Bad Faith in Postcolonial and Postimperial Literature

Laura Pilar Gelfman '99 (English 27, 1997)

In an effort to create an identity for themselves within a postcolonial context, people from colonized cultures occasionally fall into bad faith. Bad faith, a notion invented by Jean-Paul Sartre, refers to a lie that one tells to oneself in an effort to hide from one's freedom, responsibility, anguish, transcendence, humanity, and sociality. Bad faith, in other words, treats the self as substance, as something fixed and without freedom or consequent responsibility. According to Sartre, because human beings always try to create themselves in relation to others, every person's existence is a project. The choice to continue living keeps each person alive. Characters such as Deven from Anita Desai's In Custody, Stevens from Kazuo Ishiguro's The Remains of the Day, and Jake from Alan Duff's Once Were Warriors define themselves by the people and dominant practices that surround them; this influence dissuades them from acting out of their own will. They live inauthentic lives because they hide from being human beings and from their ability to chose. Deven, Stevens, and Jake exhibit the "incapacity to recognize ourselves [themselves], to constitute ourselves [themselves] as being what we [they] are" (Sartre 62). As they fall prey to their inauthentic thoughts and actions, they fail to fulfill their familial and social responsibilities.

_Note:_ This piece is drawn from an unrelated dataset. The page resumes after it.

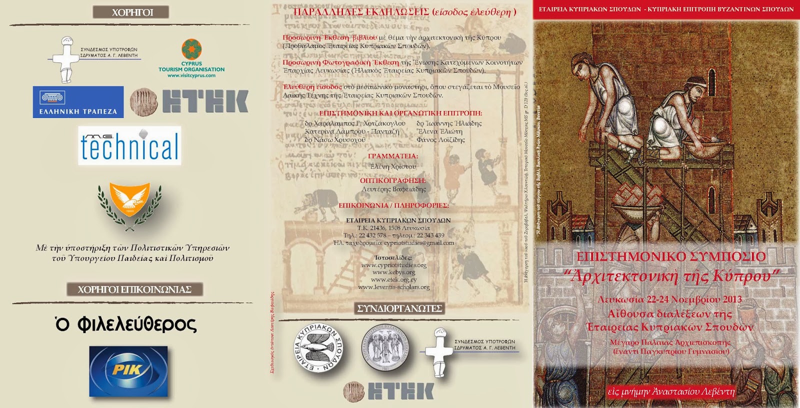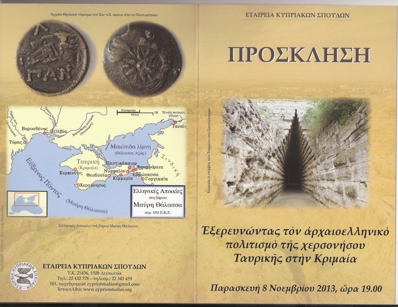 Η Εταιρεία Κυπριακών Σπουδών σας προσκαλεί την Παρασκευή, 8 Νοεμβρίου 2013 και ώρα 19.00, σε διάλεξη του ιστορικού Ηλία Πετρόπουλου με θέμα: “Εξερευνώντας τον αρχαιοελληνικό πολιτισμό της χερσονήσου Ταυρικής στην Κριμαία”η οποία θα πραγματοποιηθεί στην Εταιρεία Κυπριακών Σπουδών (Μέγαρο Παλαιάς Αρχιεπισκοπής, έναντι Παγκυπρίου Γυμνασίου). Θα ακολουθήσει δεξίωση (Διάρκεια εκδήλωσης 60 λεπτά).

As members of colonized cultures, Deven and Jake are trapped in the past glory of their nations; they cannot in good faith transfer their nation's past glory to the present. Unlike Deven and Jake, Stevens comes from England, a colonizing power. Because he cannot abandon English custom to become his individual self, he creates himself as a colonized subject. Deven, Stevens, and Jake act in bad faith as they negotiate their cultures' heritage within a Postcolonial context; they construct masks to hide from the realities of their social, political, economic, and cultural circumstances.

Bibliography

Carey, Peter. Oscar and Lucinda. New York: HarperPerennial, 1988. Desai, Anita. In Custody. New York: Penguin Books, 1984.

Duff, Alan. Once Were Warriors. New York: Vintage International, 1995.

Gordon, Lewis. Bad faith and Antiblack Racism. New Jersey: Humanities Press, 1995.

Ishiguro, Kazuo. The Remains of the Day. New York: Vintage International, 1988.

Mo, Timothy. Sour Sweet. New York: Aventura, 1985.

Rushdie, Salman. Shame. New York: Vintage International, 1989.

Sartre, Jean-Paul. Being and Nothingness. New York: Philosophical Library, 1956.

Suleri, Sara. Meatless Days. Chicago: University of Chicago Press, 1989.

West, Cornel. Race Matters. New York: Vintage International, 1994.